> _DIRECTIONS_:
Starting from the line with "Tioga – приманка, разработанная" and going up to and including the line with "Современный 4-х модульный", copy the listing below exactly. Leave all images out.

> _ENTRIES SUPPLIED_:
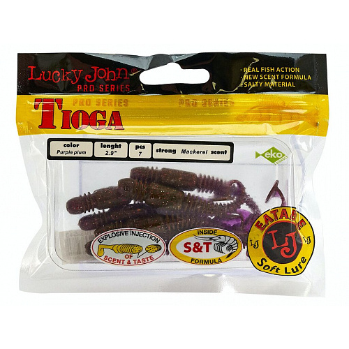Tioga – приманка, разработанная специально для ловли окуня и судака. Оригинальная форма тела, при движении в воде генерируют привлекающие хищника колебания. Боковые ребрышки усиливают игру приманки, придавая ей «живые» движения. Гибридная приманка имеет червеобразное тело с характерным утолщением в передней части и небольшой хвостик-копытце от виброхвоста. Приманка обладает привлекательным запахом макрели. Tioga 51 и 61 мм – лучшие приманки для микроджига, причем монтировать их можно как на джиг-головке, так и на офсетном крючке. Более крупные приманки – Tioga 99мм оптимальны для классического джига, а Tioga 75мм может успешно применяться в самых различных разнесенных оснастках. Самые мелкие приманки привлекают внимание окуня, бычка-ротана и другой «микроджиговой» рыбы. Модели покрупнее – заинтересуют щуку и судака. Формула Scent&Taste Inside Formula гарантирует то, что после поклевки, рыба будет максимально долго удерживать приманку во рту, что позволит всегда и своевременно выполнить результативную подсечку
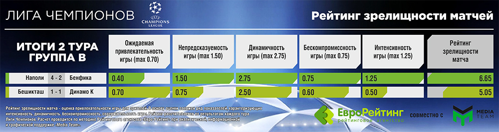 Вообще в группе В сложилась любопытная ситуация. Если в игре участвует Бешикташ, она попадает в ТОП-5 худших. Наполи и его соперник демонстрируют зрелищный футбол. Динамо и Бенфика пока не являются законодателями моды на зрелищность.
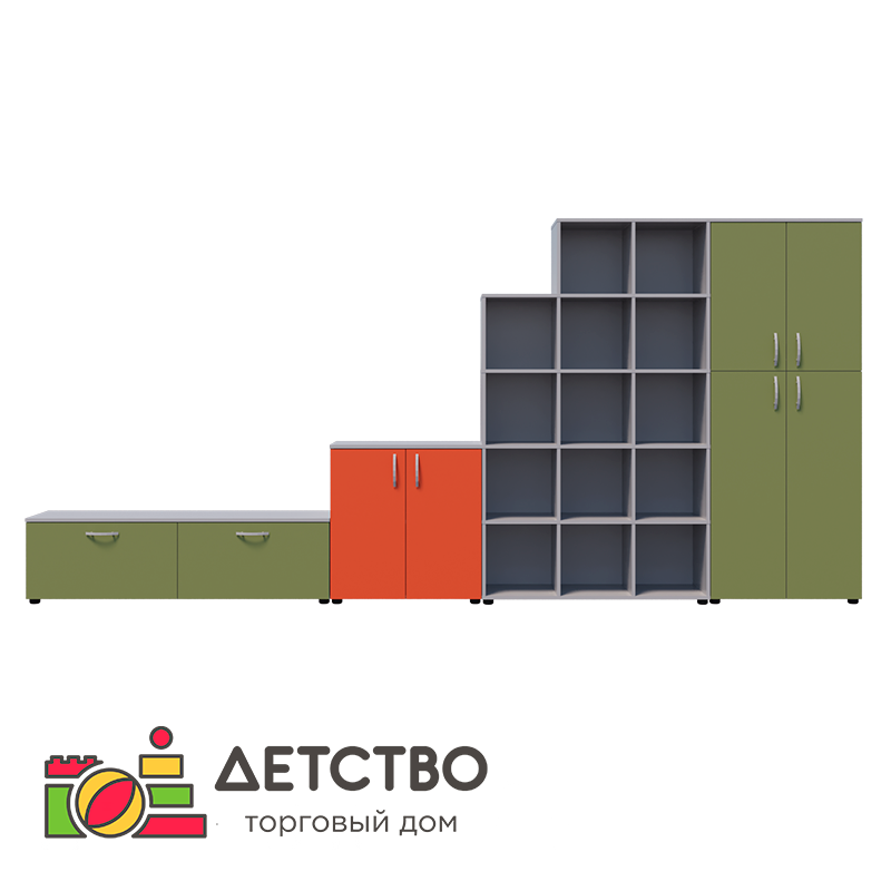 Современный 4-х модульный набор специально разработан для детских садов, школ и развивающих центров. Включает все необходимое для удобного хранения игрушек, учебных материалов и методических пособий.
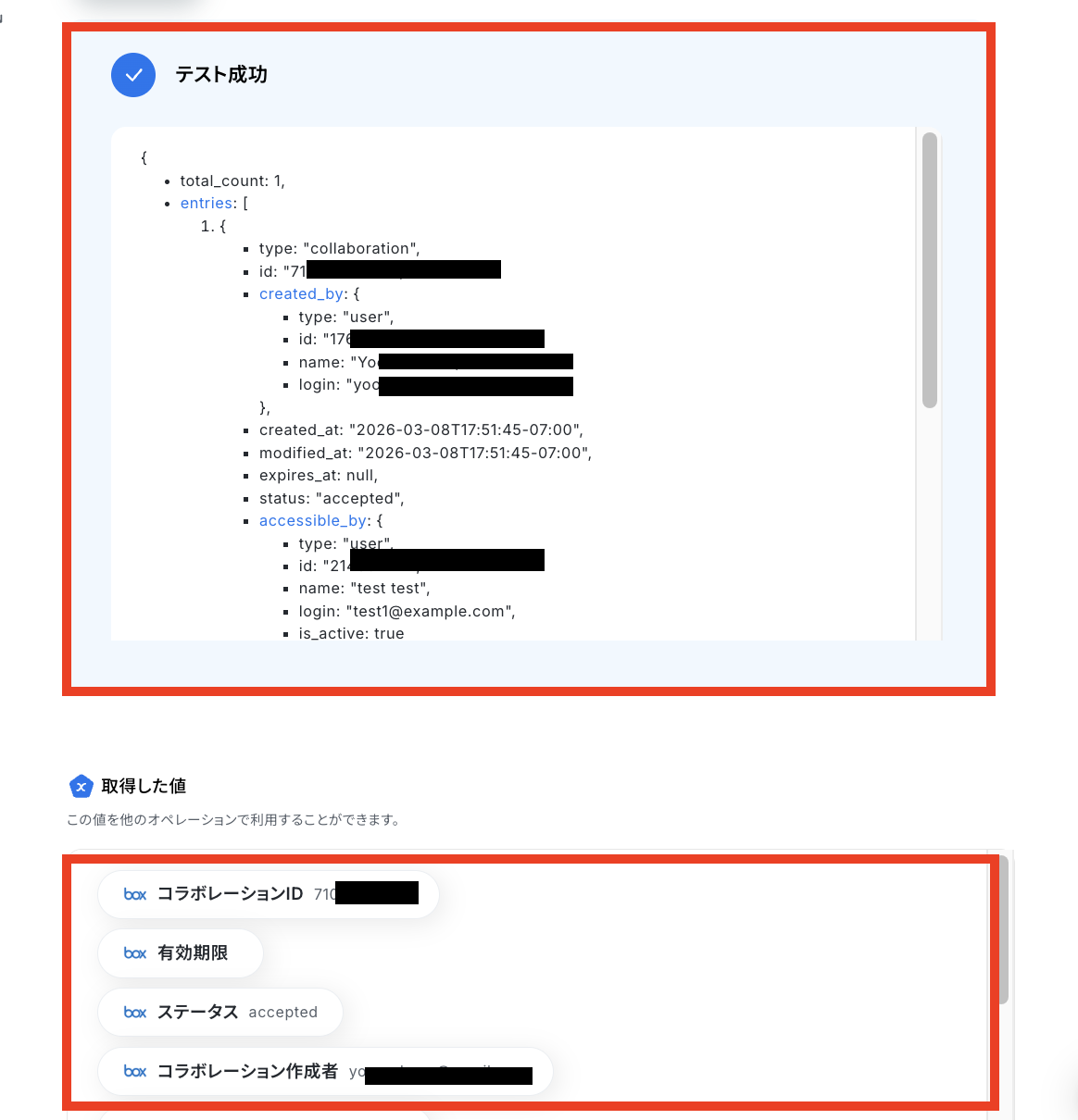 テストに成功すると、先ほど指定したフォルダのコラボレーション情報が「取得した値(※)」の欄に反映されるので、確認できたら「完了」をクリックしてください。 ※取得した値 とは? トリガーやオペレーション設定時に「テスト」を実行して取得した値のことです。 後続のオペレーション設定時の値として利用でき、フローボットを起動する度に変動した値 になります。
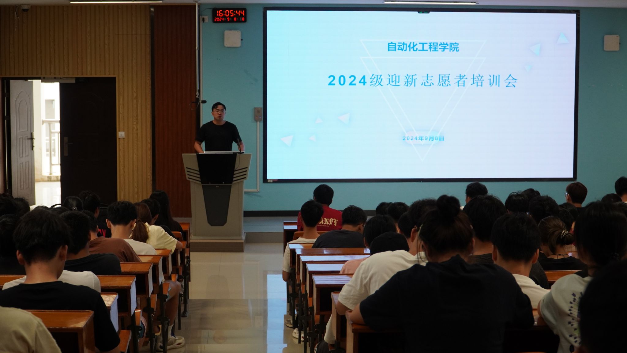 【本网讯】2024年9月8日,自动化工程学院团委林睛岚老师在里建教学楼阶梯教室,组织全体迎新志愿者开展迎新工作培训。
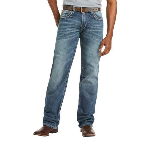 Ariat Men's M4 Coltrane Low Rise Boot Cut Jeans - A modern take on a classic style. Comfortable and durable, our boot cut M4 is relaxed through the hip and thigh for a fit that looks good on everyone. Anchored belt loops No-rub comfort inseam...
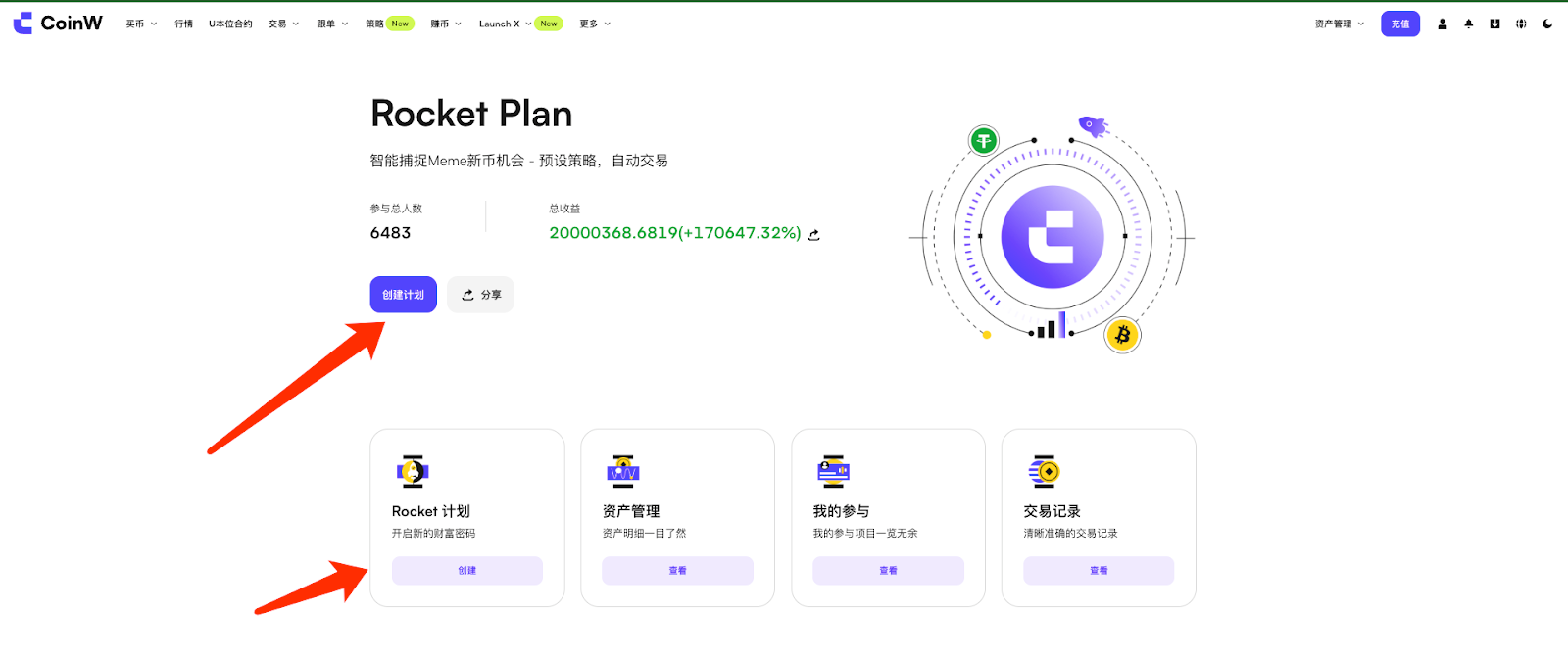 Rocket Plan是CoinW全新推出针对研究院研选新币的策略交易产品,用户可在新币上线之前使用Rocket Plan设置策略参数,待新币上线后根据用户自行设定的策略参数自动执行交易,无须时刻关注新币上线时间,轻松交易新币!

---

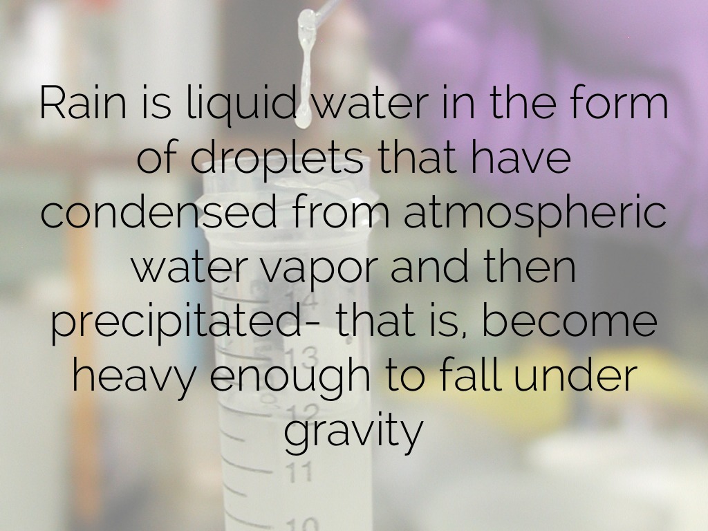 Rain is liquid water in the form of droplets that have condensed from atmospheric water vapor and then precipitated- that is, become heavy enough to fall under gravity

> _ANSWER TO THIS PROBLEM_:
Tioga – приманка, разработанная специально для ловли окуня и судака. Оригинальная форма тела, при движении в воде генерируют привлекающие хищника колебания. Боковые ребрышки усиливают игру приманки, придавая ей «живые» движения. Гибридная приманка имеет червеобразное тело с характерным утолщением в передней части и небольшой хвостик-копытце от виброхвоста. Приманка обладает привлекательным запахом макрели. Tioga 51 и 61 мм – лучшие приманки для микроджига, причем монтировать их можно как на джиг-головке, так и на офсетном крючке. Более крупные приманки – Tioga 99мм оптимальны для классического джига, а Tioga 75мм может успешно применяться в самых различных разнесенных оснастках. Самые мелкие приманки привлекают внимание окуня, бычка-ротана и другой «микроджиговой» рыбы. Модели покрупнее – заинтересуют щуку и судака. Формула Scent&Taste Inside Formula гарантирует то, что после поклевки, рыба будет максимально долго удерживать приманку во рту, что позволит всегда и своевременно выполнить результативную подсечку
 Вообще в группе В сложилась любопытная ситуация. Если в игре участвует Бешикташ, она попадает в ТОП-5 худших. Наполи и его соперник демонстрируют зрелищный футбол. Динамо и Бенфика пока не являются законодателями моды на зрелищность.
 Современный 4-х модульный набор специально разработан для детских садов, школ и развивающих центров. Включает все необходимое для удобного хранения игрушек, учебных материалов и методических пособий.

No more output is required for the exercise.